The figure on the right illustrates the procedure and how setting t1 and t2 affect the results. First, look at the top of the figure. Suppose that for a given point, the kernel density function is high. This means that the random draw will often be smaller than the kernel density function and the point will be discarded. Similarly, if you imagine a low density function at a point, random draws will often exceed the kernel density and the point will be kept. Manipulating t1 and t2 allows you to tweek the output to fit your needs. In scenario A, you will draw random points from the upper half of the 0-1 range, which means that draws are more likely to exceed the kernel density values and more points will be kept. Scenario B draws random points from the lower half of the 0-1 range and more points will be discarded. Having white space left of t1 means that values in the range from 0 to t1 are automatically retained. Similarly, having white space right of t2 means that values in the range from t2 to 1 are automatically discarded. The distance between t1 and t2 can thus be used to manipulate how much of the points are removed or included a priori instead of decided on by random draws. In scenario C, the region of random draws spans almost the entire 0-1 range, meaning that few points will be discarded or included a priori. In scenario D, almost all points are automatically included (below t1) or excluded (above t2) and only points in between t1 and t2 are decided on by random draw.

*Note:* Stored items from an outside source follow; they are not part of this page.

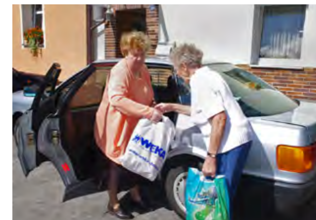
Große Entlastung: Der Einkauf wird direkt an die Tür gebracht.

Mit den Zuschüssen der Europäischen Union über das Leader-Programm wird vor allem ein Netzwerkmanagement für die Seniorengemeinschaft eingerichtet mit einer Spezialsoftware zum Aufbau eines Tauschrings, der die Generationen übergreift und verbindet. Dazu gehört auch eine Vollzeitkraft für die Dauer von zunächst drei Jahren.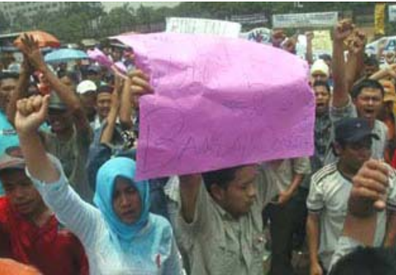
Demo meminta pembentukan "propinsi" Aceh Leuser Antara, di Jakarta September lalu. Terjebak Skenario Indonesia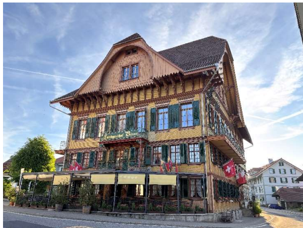
Landgasthof Bären Sumiswald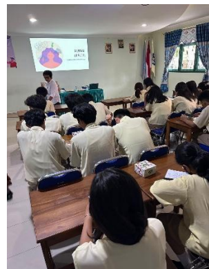
Gambar 2. Pengisian Pre-Test

Here is a complete list of command-line flags you can use.

mandatory parameters
   -i   input coordinates (csv)
   -r   kernel density raster (esri ascii format)

optional parameters
   -nr  number of replicate thinnings to be produced (default 10)
   -t1  threshold 1 (value between 0 and 1; default 0)
   -t2  threshold 2 (value between 0 and 1; default 1)
   !!!  t1 must be smaller than t2 -- see www.phycoweb.net for explanation of t1 and t2
			

Citation

If you find this software useful, please cite it in your work. I recommend citing it as follows:
Verbruggen H. (2012) OccurrenceThinner version 1.04. http://www.phycoweb.net/software
I also recommend citing the first paper that used and described the technique implemented here:
Verbruggen H., Tyberghein L., Belton G.S., Mineur F., Jueterbock A., Hoarau G., Gurgel C.F.D. & De Clerck O. (2013) Improving transferability of introduced species' distribution models: new tools to forecast the spread of a highly invasive seaweed. PLoS One 8: e68337.

Notes and disclaimer

OccurrenceThinner is in development and has not been tested extensively. It is quite plausible that incorrectly formatted input could lead to nonsensical output. In such cases, you should double-check your input, compare it to the example files and try again. If this still doesn't work, please feel free to write me an email (heroen.verbruggen@gmail.com).

OccurrenceThinner is provided "as is" without warranty of any kind, either expressed or implied. The entire risk as to the quality and performance of the program is with you. Should the program prove defective, you assume the cost of all necessary servicing, repair or correction. The author will not be liable to you for damages, including any general, special, incidental or consequential damages arising out of the use or inability to use the program (including but not limited to loss of data or data being rendered inaccurate or losses sustained by you or third parties or a failure of the program to operate with any other programs).